In this study, we tried to determine whether adding filter and wrapper methods is effective in lowering the false-positive rates of DDoS-attack detection methods before the use of combined clustering algorithms using the Vote classifier method. We were not able to verify the effectiveness of the addition of the filter and wrapper methods. This was because the ANOVA statistical analyses illustrated that the addition of the filter method was not as effective in comparison with incorporating the wrapper and clustering methods. However, according to Zeinalpour [1], DDoS-attack detection methods are great tools for providing high security. Using the Vote classifier method may be considered an advantage to lower the false-positive rates of DDoS-attack detection methods. The Vote classifier is an advantage because it enables the integration of machine learning algorithms to be performed to detect attacks compared with the single implementation of machine learning algorithms. In this study, we were able to achieve the lowest false-positive rate of 0.012 for DDoS-attack detection methods in two instances by incorporating chi-squared and J48 prior to the combined clustering algorithms using K-means and SOMs. This was with respect to the considered implementations in this study. Organizations and agencies can further examine the effectiveness of DDoS-attack detection methods by integrating supervised learning algorithms with unsupervised learning algorithms using the Vote classifier method. Organizations likely want the implementation of effective DDoS-attack detection methods that have low false-positive rates in detecting attacks. The Vote classifier method should be considered as it is an advantage because it takes advantage of the integration of machine learning algorithms to identify attacks compared with the single implementation of machine learning algorithms. The limitation of this study was the curse of dimensionality of DDoS-attack detection methods. We incorporated the filter and wrapper methods to address this limitation. This study focused on combining the clustering algorithms using the Vote classifier method. One future research direction could be to investigate the curse of dimensionality of machine learning algorithms using the wrapper method prior to integrating supervised learning algorithms to detect attacks. This is because this study showed superior performance when incorporating the wrapper method.

Author Contributions

Writing—original draft, A.Z.; Writing—review & editing, H.A.A. The authors of this research study worked in collaboration to complete the research study. This study was organized by the authors. All authors have read and agreed to the published version of the manuscript.

Funding

This research had no external funding.

Data Availability Statement

The authors of this study used the CICIDS2017 dataset. This dataset is publicly available at https://www.unb.ca/cic/datasets/ids-2017.html (accessed on 30 May 2021).

Acknowledgments

The authors conducted this study to build upon the study performed by Zeinalpour [1].

Conflicts of Interest

The authors of this study declare no conflicts in interest. The authors of this research guided the study with no sponsorship.

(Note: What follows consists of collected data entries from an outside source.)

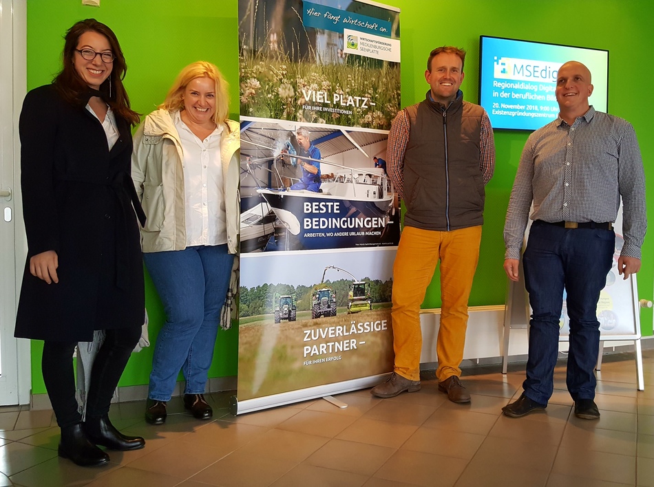 Im Rahmen der dieswöchigen Gründerwoche trafen sich Vertreter der Wirtschaftsförderung Mecklenburgische Seenplatte und SAP im Existenzgründungszentrum in Waren. Die Strategieentwicklerinnen Heike van Geel und Leonie Fremgen von SAP diskutierten mit den Fachreferenten Martin French und Michael Thurm mögliche Kooperationen im Bereich regionaler Wirtschafts- und Innovationsförderung.
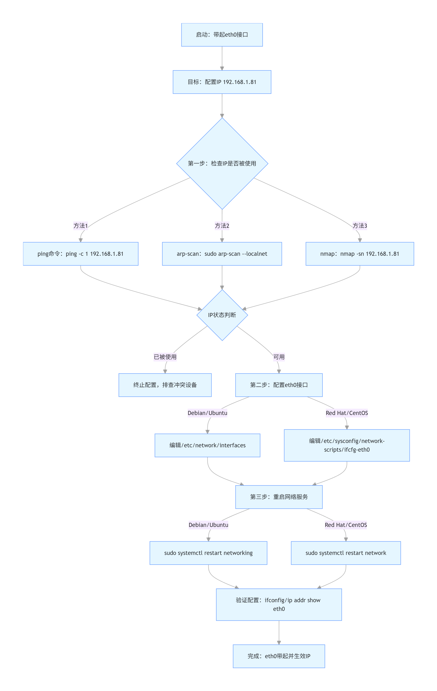 ifconfig eth0 192.168.1.81 netmask 255.255.255.0 upip addr add 192.168.1.81/24 dev eth0ip link set eth0 uparping -I eth0 192.168.1.81当你看到“Bringing up interface eth0: Determining if IP address 192.168.1.81 is already in use”这样的消息时,系统正在执行一个重要的步骤,以确保网络配置的安全性和正确性。通过发送ARP请求,系统可以避免IP地址冲突,确保网络接口能够正常工作。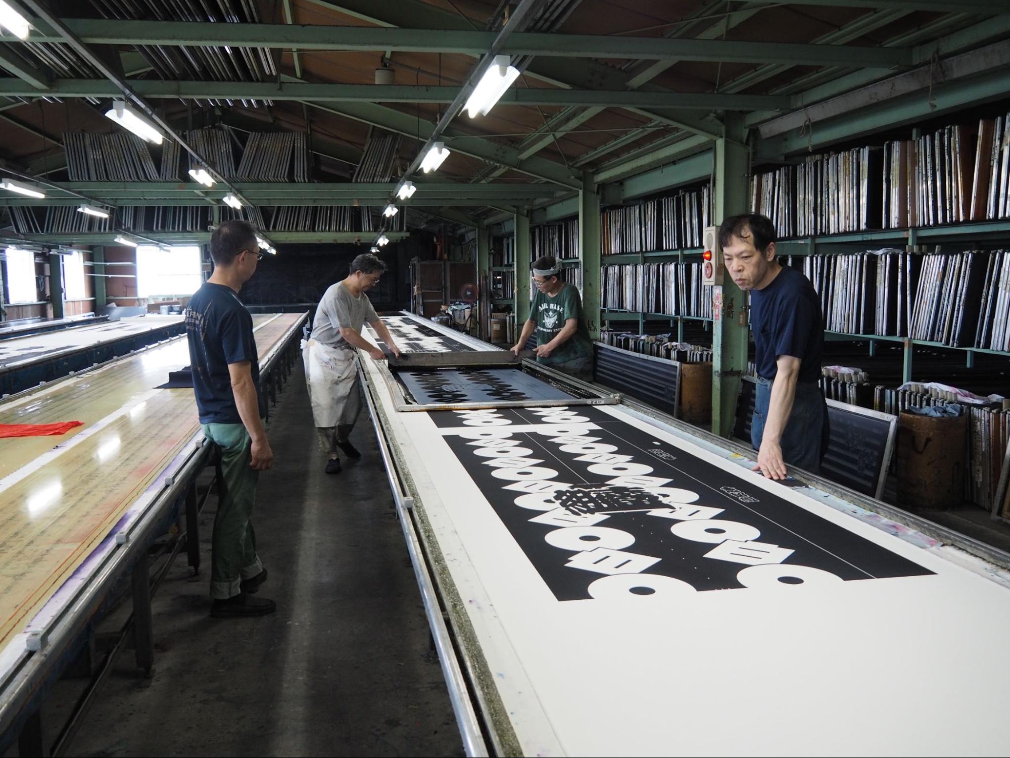 さらに工場の2階には、部屋一面に全長約25mにも及ぶ手捺染の作業台が広がります。1階とはまったく異なる光景に、思わず声をあげてしまうほど圧巻の大空間です。この手捺染台は、手ぬぐいや法被、踊り絵羽浴衣など、小幅の生地を捺染するために用いられています。

Appendix A. Table of Independent Variables

Table A1. Independent variables.

Independent Variable	Procedures
Combined Clustering Algorithms	Vote(SelfOrganizingMap & SimpleKMeans) Vote(SimpleKMeans & SelfOrganizingMap) Vote(SelfOrganizingMap & SelfOrganizingMap) Vote(SimpleKMeans & SimpleKMeans)
Filter Method	ChiSquaredAttributeEval InfoGainAttributeEval
Wrapper Method	WrapperSubsetEval(J48) WrapperSubsetEval(NaïveBayes)

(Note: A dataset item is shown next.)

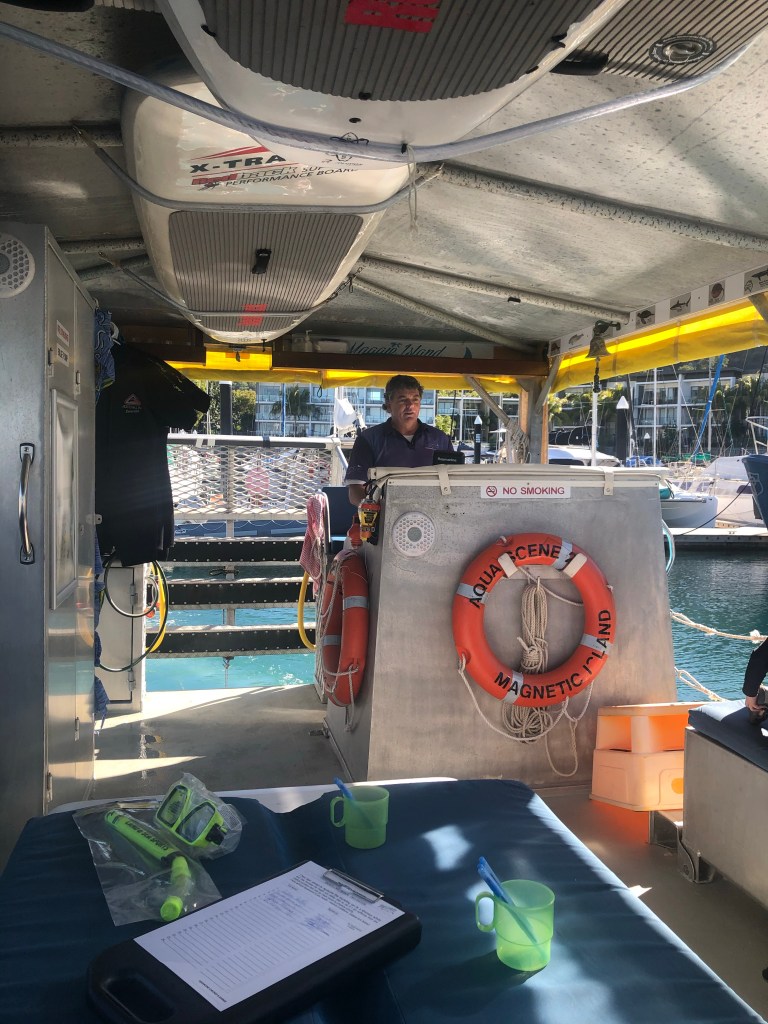 Finally the boat was ready and I got onboard, along with 9 other passengers. There were actually just 5 family groups, and people did do social distancing even though there are only two active cases in all of Queensland. Captain Adam gave us a safety talk and then asked us what we wanted to do for the day. We could sightsee, snorkel, do catch and release fishing, and hopefully see a whale. I was interested in sightseeing and seeing a whale or at least a sea turtle. No one wanted to go fishing, so we would have more time for sightseeing and snorkeling. We had to be back at the dock by 3:00 so some people could catch the ferry back to Townsville.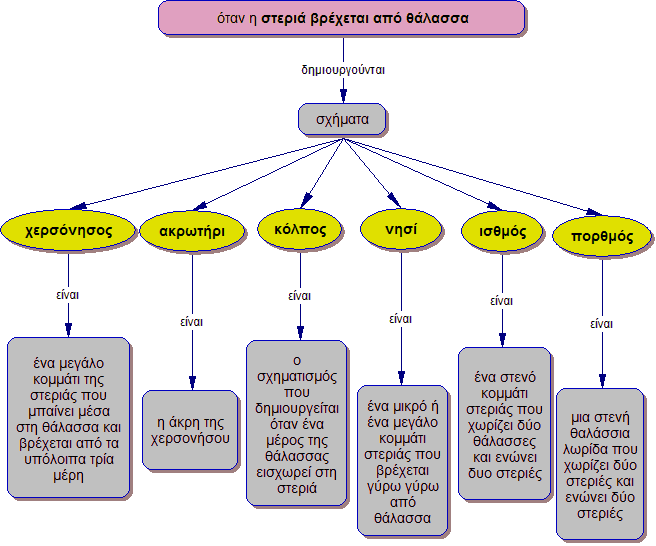 - Βρες στο λεξικό τη σημασία των παρακάτω γεωγραφικών όρων: χερσόνησος, ακρωτήριο, νησί, κόλπος, πορθμός, ισθμός, διώρυγα. Μπορείς να κοιτάξεις και στο ηλεκτρονικό λεξικό.

Appendix B. Experimental Results

Table A2. False-positive rates using no feature-selection methods.

Applied Procedure in DDoS-Attack Detection Method	False-Positive Rates in DDoS-Attack Identification
Vote(SelfOrganizingMap & SimpleKMeans)	0.062
Vote(SimpleKMeans & SelfOrganizingMap)	0.062
Vote(SimpleKMeans & SimpleKMeans)	0.172
Vote(SelfOrganizingMap & SelfOrganizingMap)	0.191

Table A3. False-positive rates using the filter method.

Applied Procedure in DDoS-Attack Detection Method	False-Positive Rates in DDoS-Attack Identification
InfoGainAttributeEval and Vote(SelfOrganizingMap & SimpleKMeans)	0.093
ChiSquaredAttributeEval and Vote(SelfOrganizingMap & SimpleKMeans)	0.062
InfoGainAttributeEval and Vote(SimpleKMeans & SelfOrganizingMap)	0.093
ChiSquaredAttributeEval and Vote(SimpleKMeans & SelfOrganizingMap)	0.062
InfoGainAttributeEval and Vote(SimpleKMeans & SimpleKMeans)	0.180
ChiSquaredAttributeEval and Vote(SimpleKMeans & SimpleKMeans)	0.172
InfoGainAttributeEval and Vote(SelfOrganizingMap & SelfOrganizingMap)	0.139
ChiSquaredAttributeEval and Vote(SelfOrganizingMap & SelfOrganizingMap)	0.191

Table A4. False-positive rates using the wrapper method.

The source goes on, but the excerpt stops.